Seiously! Can you follow the lab guy to the lab and "guard" your potential babies till the sperm wash/centrifuge thingy is over??
Or do you just leave this is in the hands of the good people in the clinic/hospital who "never" make mistakes??
I'd love to hear from those of you who've done this before...

PS I promise to post the pics requested for my Picture Page next week.

Friday, June 1, 2007

IUI #1 Here We Come



So here we are...

I saw my RE on Tuesday and I told her all about the nasty stuff I experienced with Met and that I needed an ART detour. I didn't think she was going to put us on the IF Highway so soon. She's putting me on the lowest dose of Avan.dia which she claims doesn't have nasty ass side effects like Met. If I can function normally on that, then I go on injectibles, do the whole monitoring bit, DH will spill his seed in a cup, the best swimmers will be chosen and shot up my uterus with that freaky looking thing above.

BUT we need to wait awhile. DH is too busy with work to be on standby for IUI so we're looking at July when his schedule will allow him to be at my beck and call. (She said that inspite of DH's high sperm count in the last analysis, his liquefaction problem is well... a problem. And since he's had a history of having a low sperm count, she can't take his good numbers for granted).

I was surprised by how I felt about being told that we are now considered candidates for IUI. We conceived a beautiful, healthy child (with an APGAR score of 10, I'm proud to say) with no intervention after just nine months of unprotected sex. Just having fun, I like to say.
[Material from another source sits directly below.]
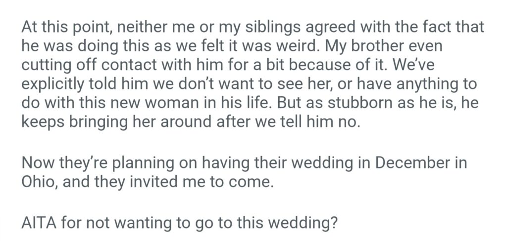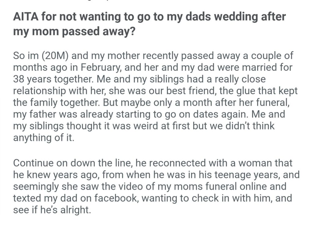 AiTA For Not Wanting To Go To My Dads Wedding After My Mom Passed Away
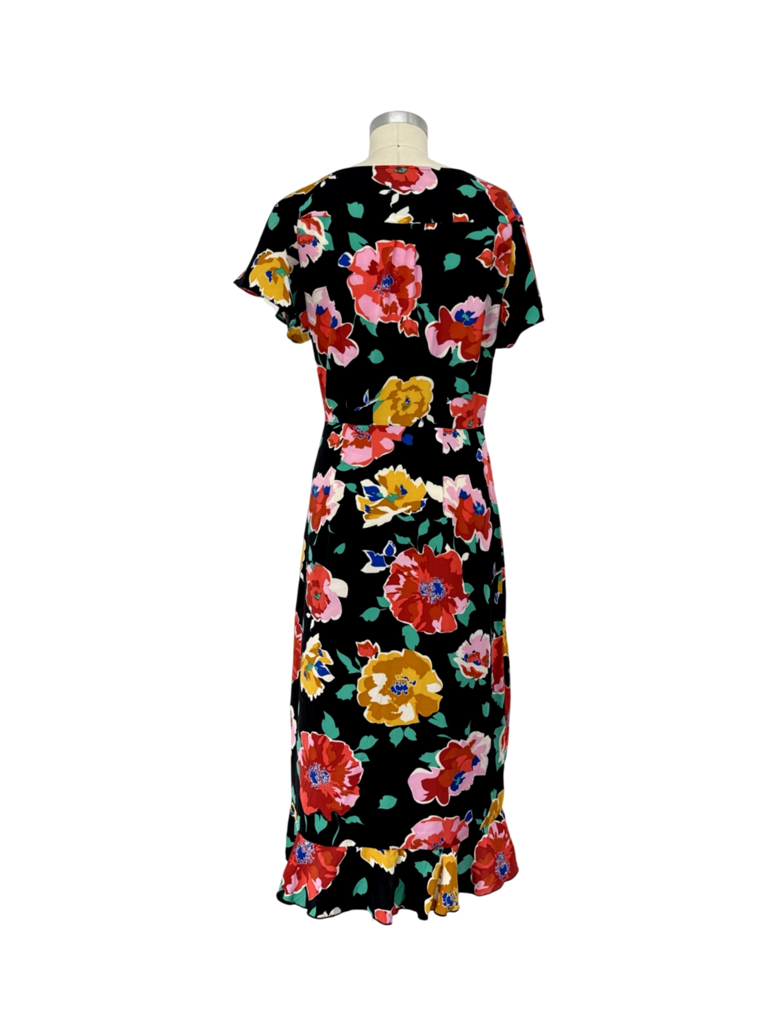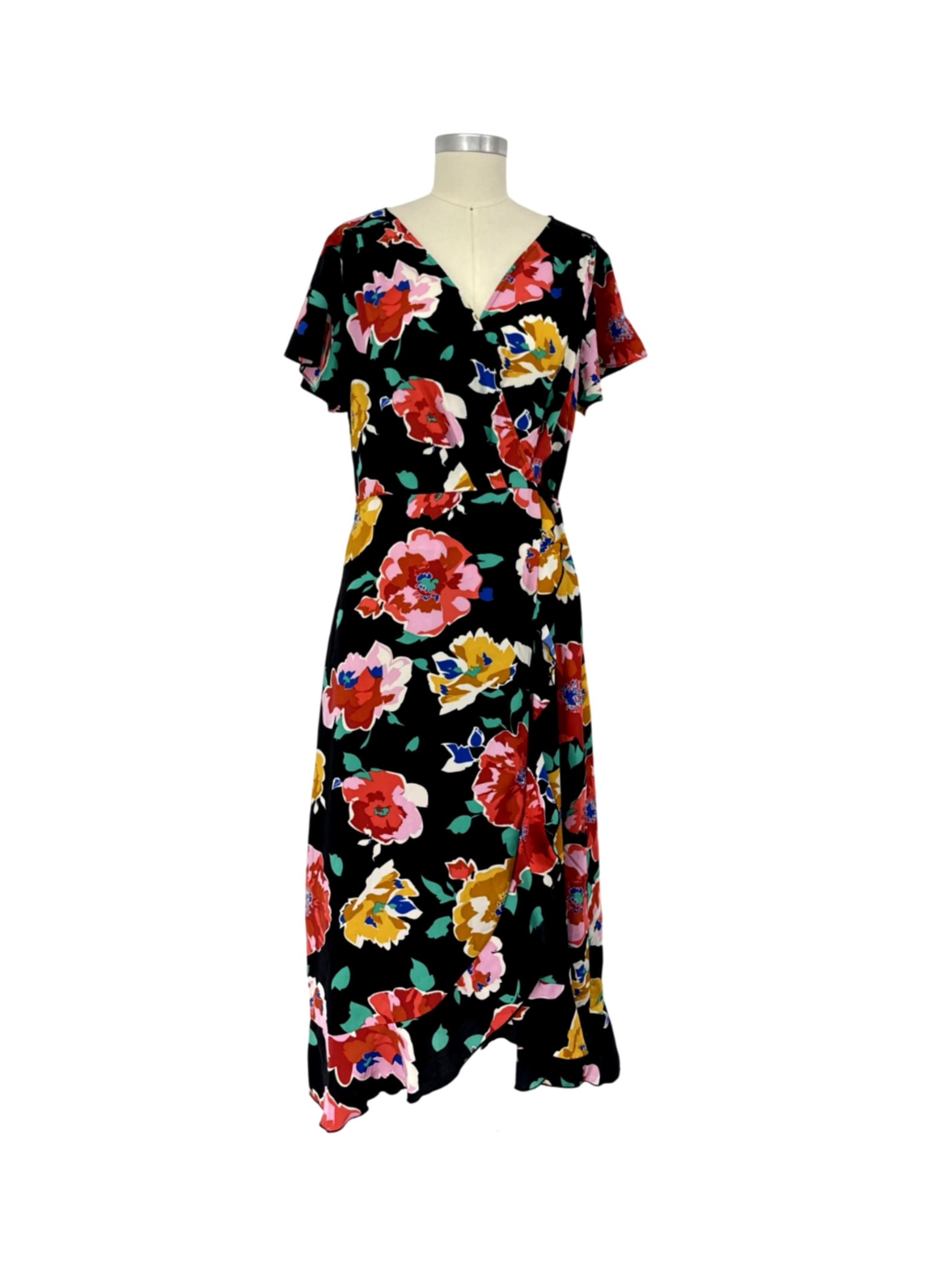 This beautiful Who What Wear dress is perfect for a summer day out! It's a pre-owned dress that features a flattering A-line silhouette, a V-neckline, and short sleeves. The dress is adorned with a vibrant floral pattern on a black background, making it a stylish choice for any casual occasion. It's made of soft, comfortable polyester, is a size S, and is in great condition.

I always believed that we'd pop a pill or two and in no time have another Tarb. But here was the RE saying that I could have developed polycystic-ness on my right ovary after my pregnancy. (Before my pregnancy it appeared that only my left was polycystic). Then, to scare me even more she said that PCOS is not just a problem in conception but also in pregnancy because you are not releasing the right mix of hormones to encourage and maintain implantation. My pregnancy went without a single hitch. I can't imagine carrying with complications! Unimaginable. I was working till the day Tarb was born. No problem!

I'm excited about taking a more aggressive step but at the same time, I'm in some kind of shock because I never imagined I'd get this far in ART. Sure, IUI is chicken feed compared to IVF but as I said, I never thought I'd have to do this. And the fear of disappointment greater than ever before, because I know my hopes and expectations will be higher. I feel like it's all happening so fast but then again, it HAS BEEN TWO YEARS of TTC.